There really isn't a result to remember as such. It's just something you can come up with which helps you forecast the method to the answer. It's something that comes with practice.

So in the specific question there's a π/4, so that has to come from somewhere and it's a nuisance to use two variables so you need the other inverse tan expresion in terms of x (the original variable you allowed) somehow. It turns out the compound angle formula conveniently provides that.

 

[Timothy.Siu]

lol, for those ones are u allowed to just tan both sides? hmm coz thats wat i did when i did them but i'm sure if ur allowed to.

 

[Trebla]

lol, for those ones are u allowed to just tan both sides? hmm coz thats wat i did when i did them but i'm sure if ur allowed to.

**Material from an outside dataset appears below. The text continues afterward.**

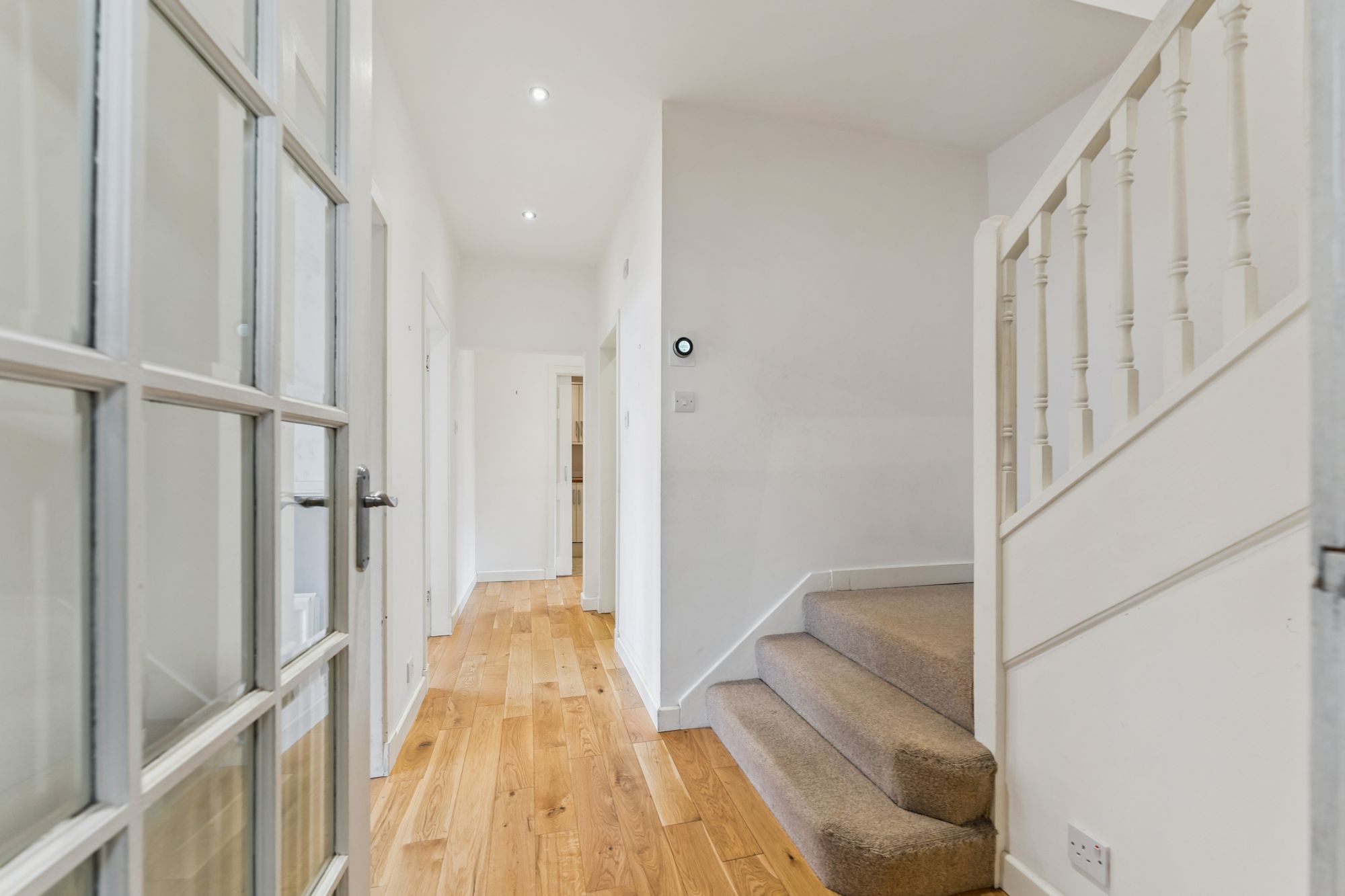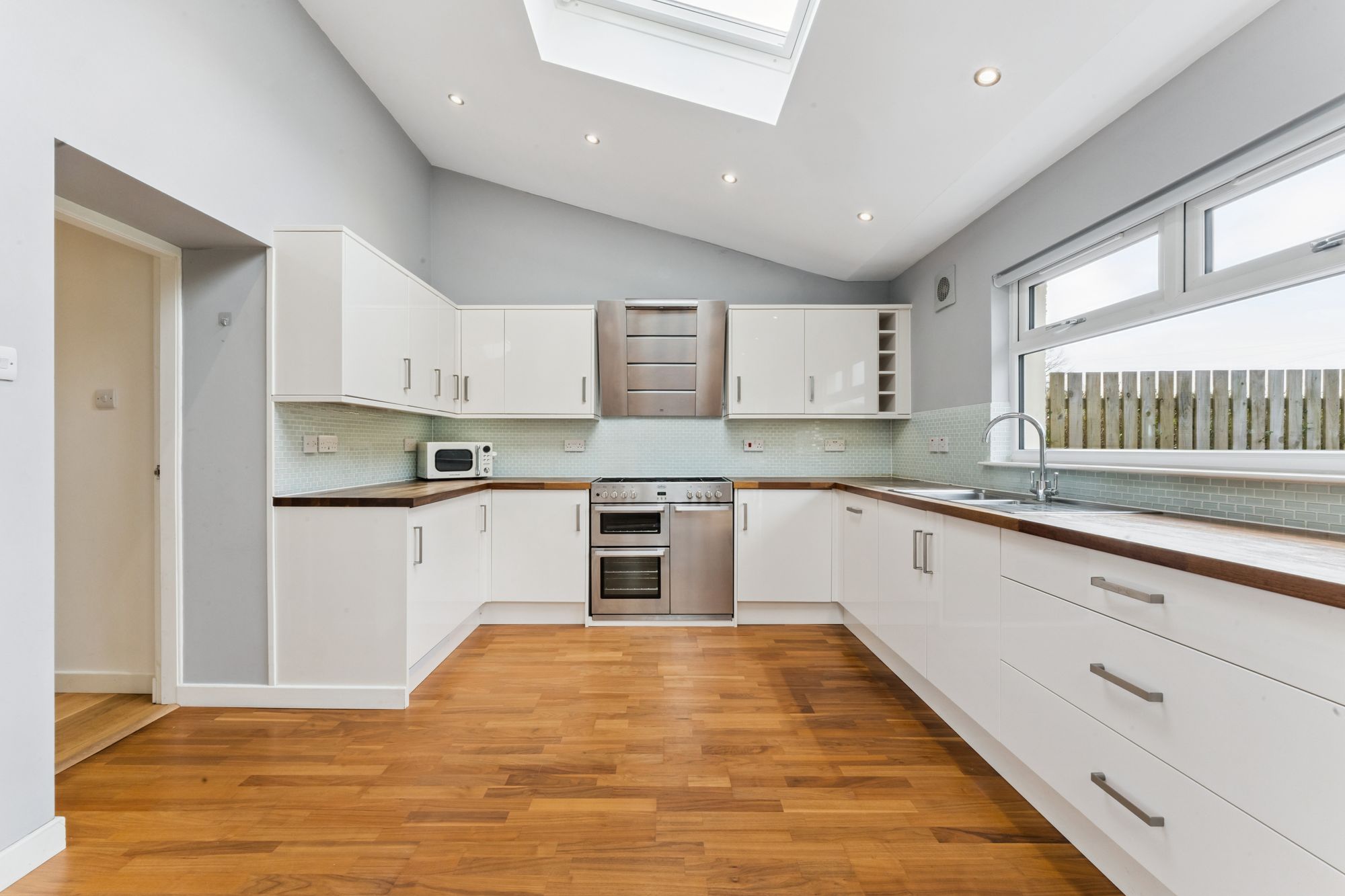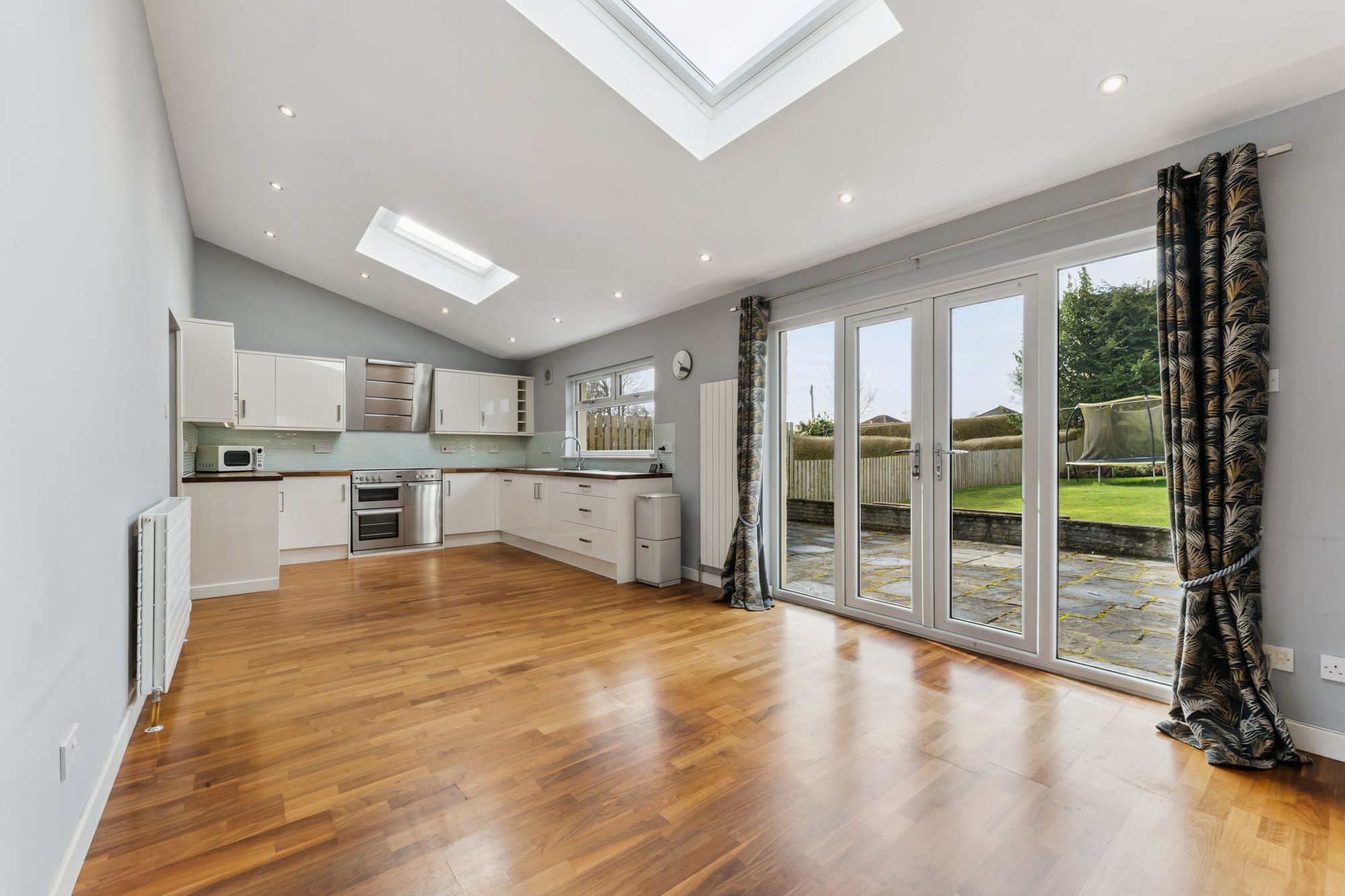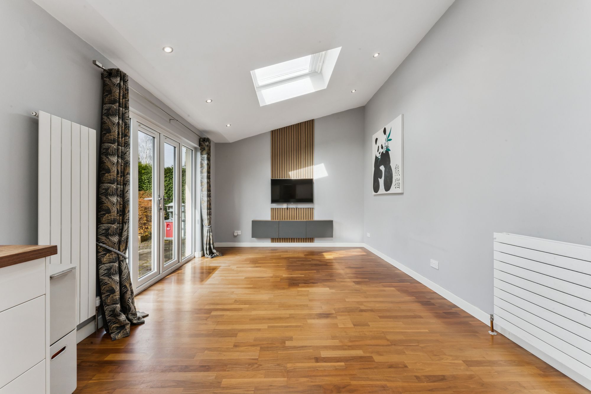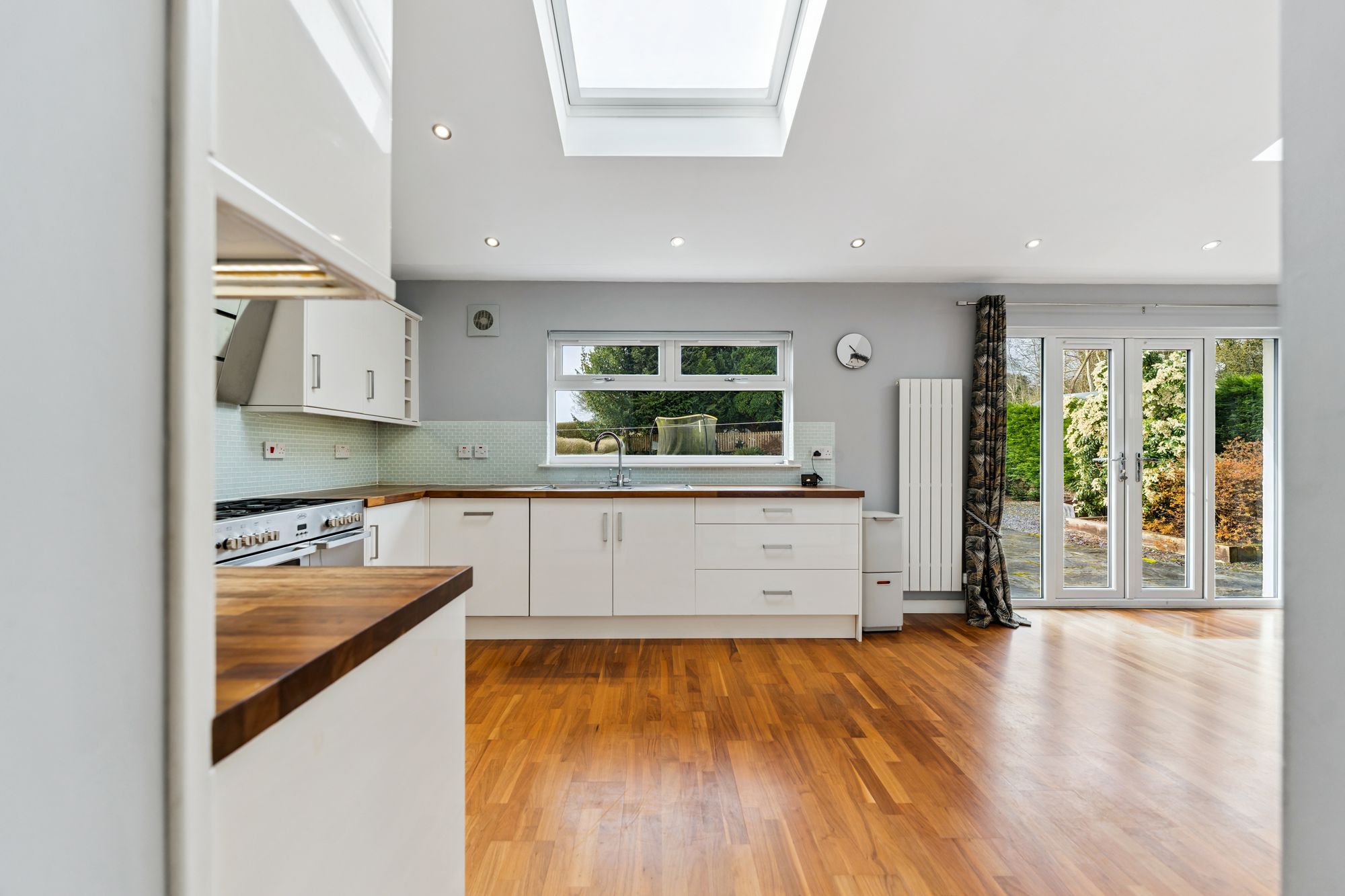The accommodation extends to a welcoming reception hallway with staircase and useful storage, a bright and spacious bay-windowed lounge, a generous double bedroom, and a well-proportioned utility room. To the rear, a superb extension forms an impressive open-plan kitchen and dining space, flooded with natural light from Velux windows and French doors leading directly to the garden. The contemporary kitchen is finished with matte white cabinetry, wooden worktops, and a range of integrated appliances including a gas hob, oven, and extractor hood. A stylish modern shower room completes the ground floor.

Doesn't that mean you've assumed the result you are trying to prove?

 

[Timothy.Siu]

probably,

like for this one

the Q is 1) tan^-14 - tan^-1(3/5) = pi/4

i say, tan[tan^-14 - tan^-1(3/5)]=[working out]=tan pi/4
and , then i say therefore tan^-14 - tan^-1(3/5) = pi/4

 

[Trebla]

probably,

like for this one

the Q is 1) tan^-14 - tan^-1(3/5) = pi/4

i say, tan[tan^-14 - tan^-1(3/5)]=[working out]=tan pi/4
and , then i say therefore tan^-14 - tan^-1(3/5) = pi/4

In that case, as long as you go from LHS --> RHS without assuming the result, it should be fine.